# Elasticsearch Analyzer

Elasticsearch 中的分析器,是為什麼 Elasticsearch 能夠作為搜尋引擎的關鍵,在將 Document 加入 index 前,會先透過 Analyzer 將 Document 進行拆解(過濾、分詞),並建立反向索引,以便 Elasticsearch 透過反向索引進行字詞搜尋

# Analyzer 基本

在 elasticsearch 分析器的基本流程為 Character Filter > Tokenizer > Token Filter

  • Character Filter : 過濾,根據所選的 character filter 會將不需要的字符給過濾掉;etc : HTML標籤,標點符號
  • Tokenizer : 分詞,每個分析器必備的流程,負責重要的分詞處理
  • Token Filter : 將分詞後的 Token 做個別處理;etc :大小寫轉換

# Analyzer 使用

使用一個簡單的範例來看看 Elasticsearch 是如何分詞的,先將 The Old Man and the Sea 插入索引中

POST book/_doc/1
{
    "title":"The Old Man and the Sea"
}

接著使用下列API,查詢分詞結果

GET <index>/_analyze
{
  "field": "欄位名",
  "text": "內容"
}
GET book/_analyze
{
  "field": "title",
  "text": "The Old Man and the Sea"
}

elasticsearch 中預設的 analyzer 是 "analyzer" : "standard",會將所有的字詞進行拆分,結果如下:

{
    {
        "tokens" : [
            {
            "token" : "the",
            "start_offset" : 0,
            "end_offset" : 3,
            "type" : "<ALPHANUM>",
            "position" : 0
            },
            {
            "token" : "old",
            "start_offset" : 4,
            "end_offset" : 7,
            "type" : "<ALPHANUM>",
            "position" : 1
            },
            {
            "token" : "man",
            "start_offset" : 8,
            "end_offset" : 11,
            "type" : "<ALPHANUM>",
            "position" : 2
            },
            {
            "token" : "and",
            "start_offset" : 12,
            "end_offset" : 15,
            "type" : "<ALPHANUM>",
            "position" : 3
            },
            {
            "token" : "the",
            "start_offset" : 16,
            "end_offset" : 19,
            "type" : "<ALPHANUM>",
            "position" : 4
            },
            {
            "token" : "sea",
            "start_offset" : 20,
            "end_offset" : 23,
            "type" : "<ALPHANUM>",
            "position" : 5
            }
        ]
    }
}

也可以直接指定 Analyzer 做測試

GET _analyze
{
    "analyzer": "分析器種類",
    "text" : "內容"
}
GET _analyze
{
    "analyzer": "standard",
    "text" : "The Old Man and the Sea"
}

# 內建分析器

Elasticsearch 內建幾個分析器如下:

  • Standard Analyzer
  • Simple Analyzer
  • Whitespace Analyzer
  • Stop Analyzer
  • Keyword Analyzer
  • Pattern Analyzer
  • Language Analyzers
  • Fingerprint Analyzer

另外可以自定義 Custom analyzer 文件來源 (opens new window)

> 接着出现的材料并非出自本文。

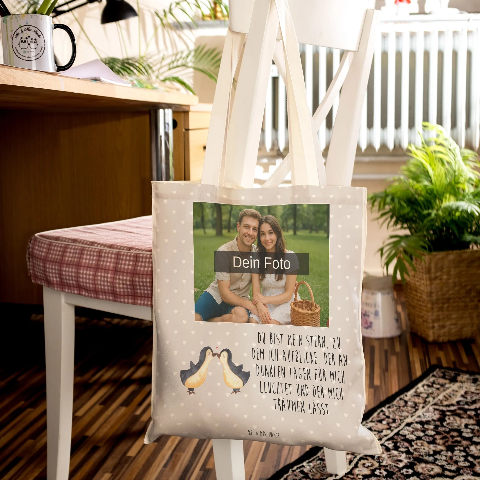 Personalisierte Foto Einkaufstasche Pinguin Liebe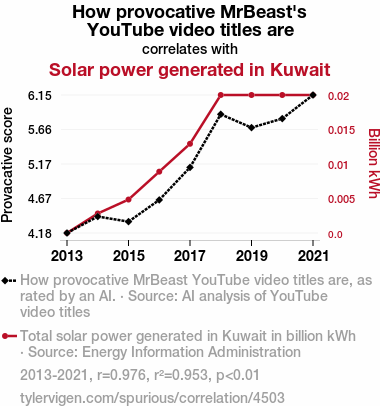 This means 95.3% of the change in the one variable (i.e., Solar power generated in Kuwait) is predictable based on the change in the other (i.e., How provocative MrBeast's YouTube video titles are) over the 9 years from 2013 through 2021.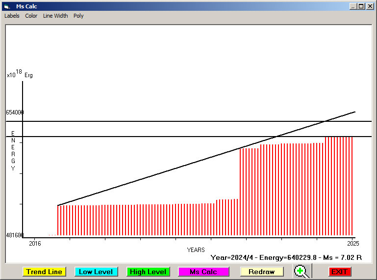 Fig. 5. Expected EQ magnitude due to application of the LSEFM (Lithospheric Seismic Energy Flow Model) on past (since 2016) seismic history of the regional seismogenic area.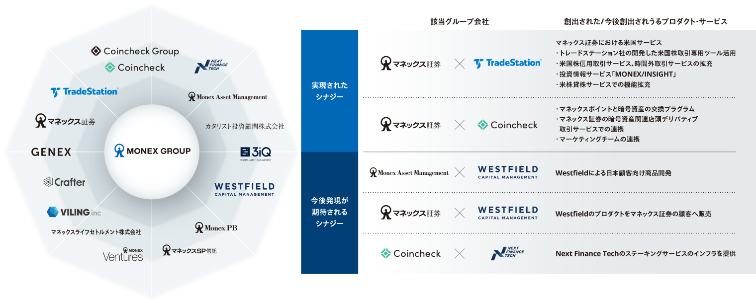 M&Aでマネックスグループに入り、バリューアップされたグループ会社は、セグメントを超えたシナジー効果を創出し、それぞれの価値となっています。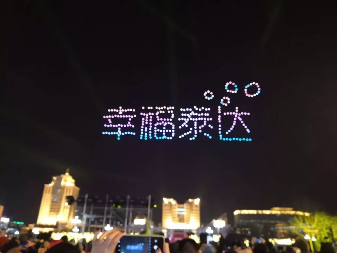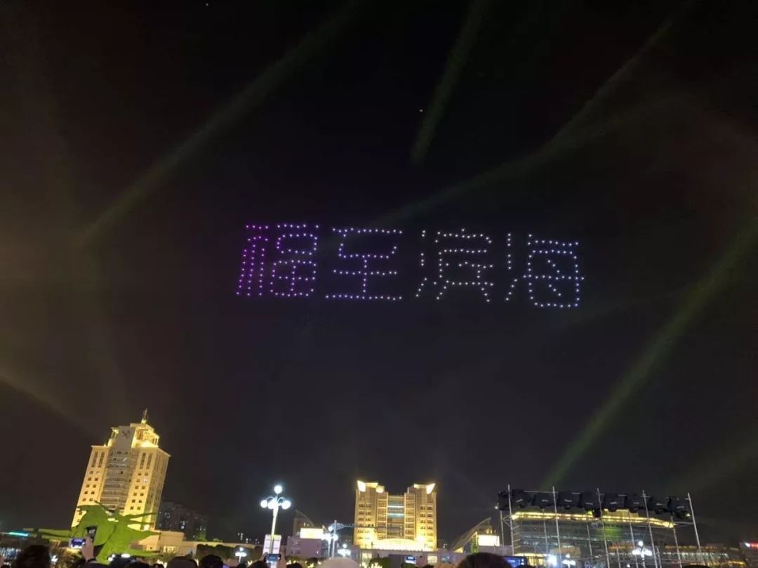 300架无人机在滨海广场上方腾空而起

稍微整理一下內建分析器的 Example output ,都是以官方範例 "The 2 QUICK Brown-Foxes jumped over the lazy dog's bone." 為基準,只是放在一起比較容易比較其中差異 :

# Standard Analyzer

預設的 Analyzer 若無特別指定就是這個,直接切分;小寫顯示

POST _analyze
{
  "analyzer": "standard",
  "text": "The 2 QUICK Brown-Foxes jumped over the lazy dog's bone."
}

輸出:

[ the, 2, quick, brown, foxes, jumped, over, the, lazy, dog's, bone ]

# Simple Analyzer

The simple analyzer breaks text into tokens at any non-letter character, such as numbers, spaces, hyphens and apostrophes, discards non-letter characters, and changes uppercase to lowercase. 將 Text 以數字、空白、符號分詞,並刪去非字母的文字;小寫顯示

POST _analyze
{
  "analyzer": "simple",
  "text": "The 2 QUICK Brown-Foxes jumped over the lazy dog's bone."
}

輸出:

[ the, quick, brown, foxes, jumped, over, the, lazy, dog, s, bone ]

# Whitespace Analyzer

The whitespace analyzer breaks text into terms whenever it encounters a whitespace character.

簡單粗暴,遇到空白就斷詞;不轉小寫

POST _analyze
{
  "analyzer": "whitespace",
  "text": "The 2 QUICK Brown-Foxes jumped over the lazy dog's bone."
}

輸出

[ The, 2, QUICK, Brown-Foxes, jumped, over, the, lazy, dog's, bone. ]

# Stop Analyzer

The stop analyzer is the same as the simple analyzer but adds support for removing stop words. It defaults to using the english stop words.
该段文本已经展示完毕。